Milano prova ad aver pazienza ma trova più forzature al 24''. Guduric crea la tripla di Ellis, subito neutralizzata dal 2+1 di Brown. Ellis e Guduric con un paio di miracoli da oltre l'arco ridanno 9 punti di vantaggio, aiutati da un black out di Fernando. Due falli offensivi e una platealissima protesta con corredo di tecnico, che infiamma il clima di Piazzale Stuparich. Infuocato dal +12, ancora dall'arco di Ricci (69-57).

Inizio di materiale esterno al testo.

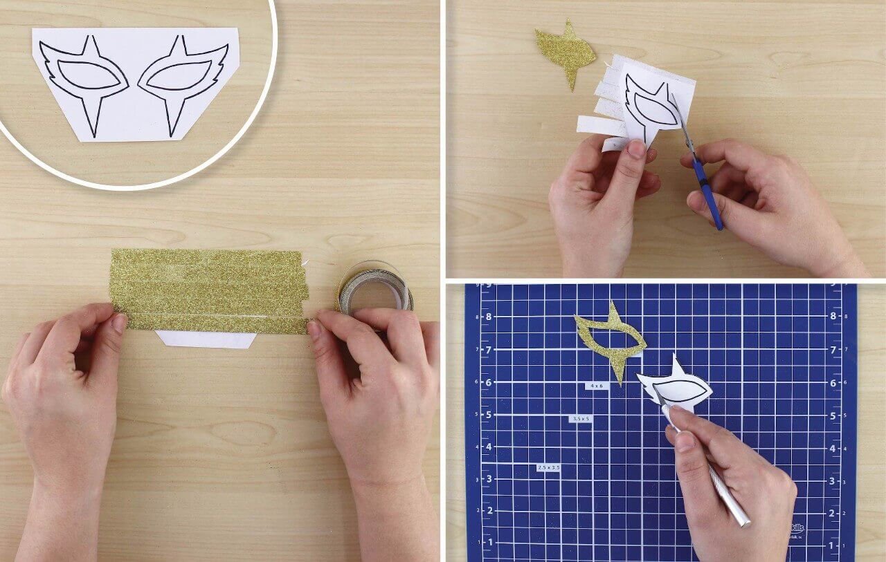 Taking the two eye shapes from the download, flip over and cover the back with the gold Detail Glitter Tape.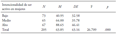 En mujeres (Tabla 4), se observan asociaciones significativas en los 3 niveles de intencionalidad de ser físicamente activo respecto a las medias de minutos de actividad física de los participantes. Se observa como los niveles de actividad física van aumentando conforme sube la intencionalidad de ser activo (. < .001).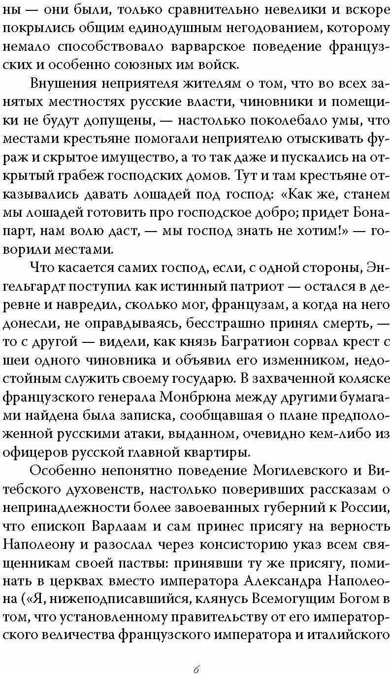 По поводу оформления книги, лично мне понравилось. Красивая обложка, в руках держать приятно. Листы правда в желтизну уходят, но достаточно плотные, что радует. По содержанию, книга очень интересна, а главное, что не мало важно в исторической литературе, она легко читается. В книге описывается армия Наполеона. Все выдержки, описания сражений, описания русских солдат написаны от лица французов. Очень познавательно и дополняет уже имеющиеся знания. Интересно читать и узнавать, что не только между некоторыми русскими генералами были натянутые отношения. Но и в французской армии было тоже самое, если не хуже. Оказалось интересным и поразительным, несносный характер генерального полководца Даву и его постоянный конфликт с Мюратом, которого, в принципе, выносить не мог. Я думаю, что каждый, подчерпнёт для себя из книги что новое и интересное!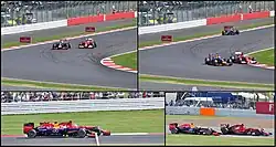 Vettel immediately made a second pit stop at the end of the lap. He rejoined ahead of Alonso in fifth place.[41] Alonso twice passed Vettel around the outside at Copse corner during a duel for fifth between laps 35 and 36.[39][40] On lap 37, Vettel had optimum tyre temperature,[41] and used DRS on the Wellington Straight to pass Alonso on the outside under braking. Alonso then went across the front of Vettel leaving Brooklands corner to retain fifth.[40] Vettel saw space to pass Alonso at Brooklands corner on lap 42, but the latter blocked his pass on the racing line.[37] Three laps later, Vettel turned to the outside of Luffield corner. Although he did not pass Alonso, Vettel entered the straight faster than the former who reacted by turning to the inside past the former Grand Prix pit lane to block him.[40] On the 47th lap, Vettel turned to the outside at Brooklands corner to draw alongside Alonso through Woodcote turn but Alonso kept fifth by braking later than him.[39][41]

Payne non sarà un mastro di letture, ma apre il quarto finale con un gioco da 4 punti. 6-0 contro, bonus concesso e oltre 2' senza trovare il canestro. Un incipit sinistramente comune agli ultimi periodi, dell'ultimo periodo milanese.

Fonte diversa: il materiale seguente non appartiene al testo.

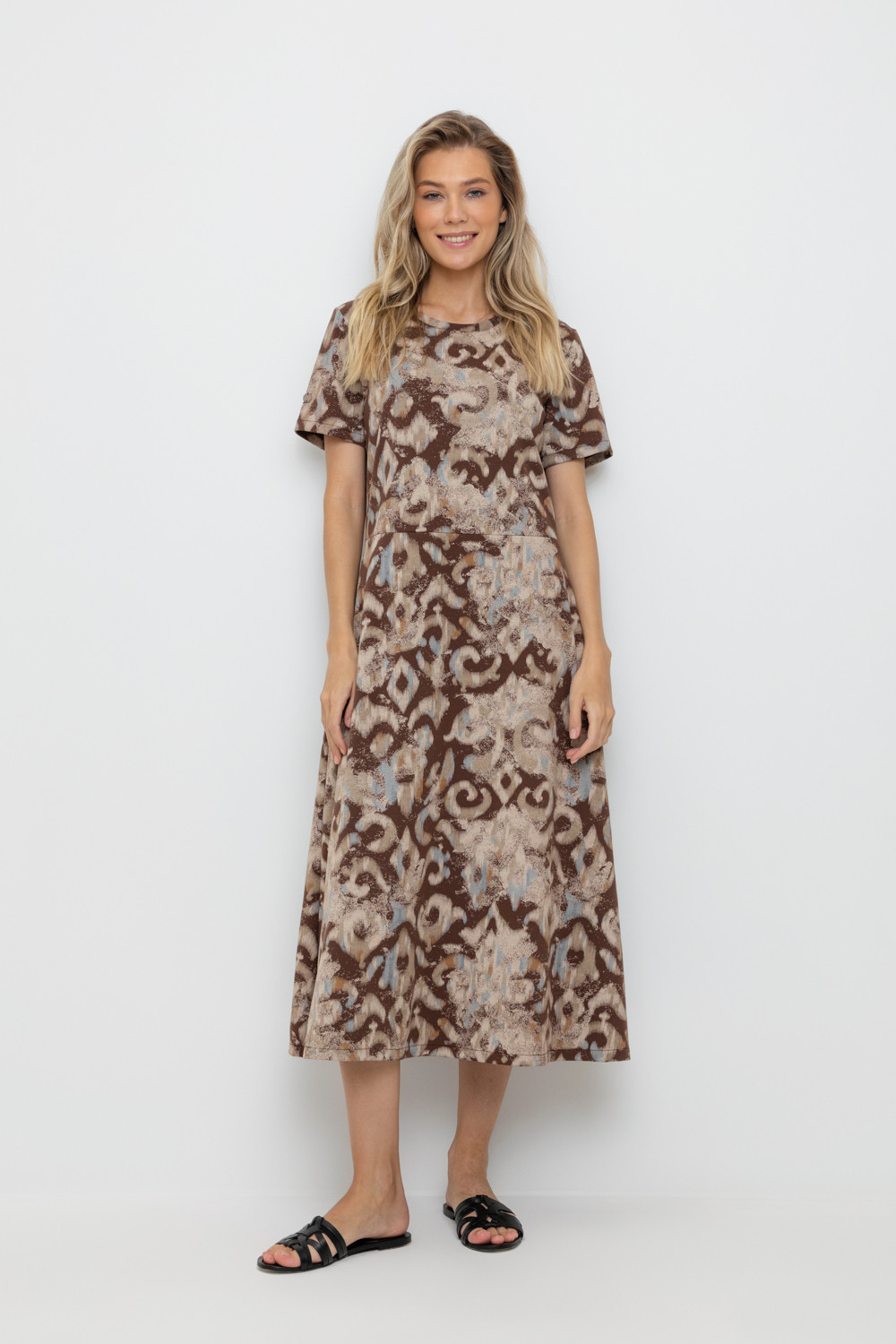 Платье с круглым вырезом и короткими рукавами из плотного набивного трикотажа интерлок. Модель с трапециевидной юбкой и боковыми карманами.

12-2 e Partizan a -3. Ellis con il solito arresto e tiro andando a sinistra sbroglia un altro attacco farraginoso. Lakic grazia Milano con una tripla aperta, non è così magnanimo Osetkowski che riporta il Partizan a -4 (75-71). I bianconeri cercano di coinvolgere Nebo nel pick and roll, molto più spesso pop, giocando con un quintetto con Bonga e l'ex Malaga da lunghi.
Milano ritrova Leday, sfruttando il missmatch. 5 consecutivi per numero 16, i primi dopo i 14 al 20'. 2' da giocare e +7 (80-73). I biancorossi non tremano, Leday chiude ciè che aveva iniziato nel primo quarto e Milano torna alla vittoria.
Le Chiavi
Importanza Bolmaro. Milano segue le lune e soprattutto la condizione del play argentino. Intensità e ritmo, tanto caro all'Olimpia. Sicuramente non sempre lucido ma una necessaria carica elettrica sul parquet del Lido. Necessaria anche la sua capacità di “verticalizzare” al ferro. Creare linee diretta verso il canestro sfruttando rapidità e lunghezza.

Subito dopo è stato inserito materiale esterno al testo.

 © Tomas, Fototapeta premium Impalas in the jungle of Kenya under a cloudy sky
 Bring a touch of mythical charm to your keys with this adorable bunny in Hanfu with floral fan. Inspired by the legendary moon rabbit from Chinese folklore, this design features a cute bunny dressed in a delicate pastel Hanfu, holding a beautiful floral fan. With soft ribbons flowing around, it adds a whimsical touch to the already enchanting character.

Anche perchè senza i vantaggi della transizione, l'Olimpia corre il rischio di ricorrere troppo ad isolamenti. Fermare circolazione e perdere ritmo. E si nota quando il match arriva sul filo. Con Bolmaro out, rotazioni ridotte all'osso e in una serata con Brooks e Shields sotto la doppia cifra, le difficoltà sono emerse nuovamente. Ellis e Guduric nei momenti importanti hanno tenuto a galla la barca, evitando l'ennesima imbarcata. Un segnale da portarsi a casa rispetto alle ultime tre sconfitte.
Nebo è stato cercato bene, spesso messo in buona condizione per poter chiudere al ferro, ottimamente nel primo tempo, meno nel secondo. Leday chiude una partita concentrica con due grandi guizzi, iniziali e finali, che dicono quota 20 e danno soprattutto la spinta decisiva per portare a casa la vittoria.
Altra chiave di serata, la difesa. A tratti di alto livello, e altro fondamentale Bolmaro-dipendente. Ancora passaggi a vuoto specialmente quando il Partizan ha cercato di muovere meglio la palla e aprire il campo, ricorrendo a quintetti più piccoli. La serata si chiude bene e per questa Milano, è tanto che di guadagnato.